Like the other two major multinationals, Compass has been bolstered by growth in the North American market, where likefor-like (i.e., excluding currency and acquisition-related factors) sales growth was 12% in the first six months of the company's 2005 fiscal year, which ended September 30. Also posting positive gains were the UK, Far East and Latin American units, while Continental Europe lagged with a minimal 2% like-for-like increase.
If there's a criticism of Compass, it is that it does not seem to deliver the sort of global bottom-line results that might be expected from a company in its position. Analysts note that Compass seems to invest large amounts of capital into its contracts, emphasizing growth over cash generation. The company implicitly has acknowledged this and has been undertaking a review of its operations to ferret out inefficiencies, especially in procurement.
The effort backfired in part about a year ago, when a UK distributor with which Compass had developed a tight partnership ran into financial difficulties after being squeezed too hard. Compass had to sink cash into repairing the damage. The incident helped send the company's stock down by almost a quarter of its value and led to the announcement earlier this year that company founder Francis Mackay would leave his post as chairman in 2006.

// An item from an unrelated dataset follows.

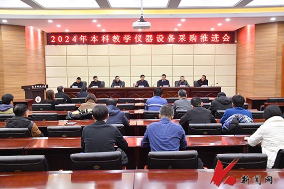 1月2日,九州体育·(中国)官方网站召开2024年本科教学仪器设备采购推进会。校党委常委、副校长李胜利主持会议并讲话。教务处、国有资产管理处、教学质量监控与评估中心、财务处、招采中心、审计处负责人,采购单位教学工作负责人,2024年实验室建设项目负责人参加会议。

Then, just last month, a warning following close of the company's 2005 fiscal year that operating profit would be down significantly from 2004 not only sent Compass stock diving again but triggered the resignation of CEO Michael Bailey (Bailey apparently will stay on until the new chairman, Sir Roy Gardner, joins the company next year). Compass also confirmed rumors that it will sell off its Select Service Partner travel concessions unit in order to raise cash and focus on its core business.
The troubles at Compass may present an opportunity for competitors to gain market share. However, analysts emphasize that in the global foodservice arena, Compass remains a formidable presence, with enviable market share and worldwide penetration. Also, its brand-focused approach to the market seems to be in line with global foodservice trends that increasingly emphasize retail-style delivery systems.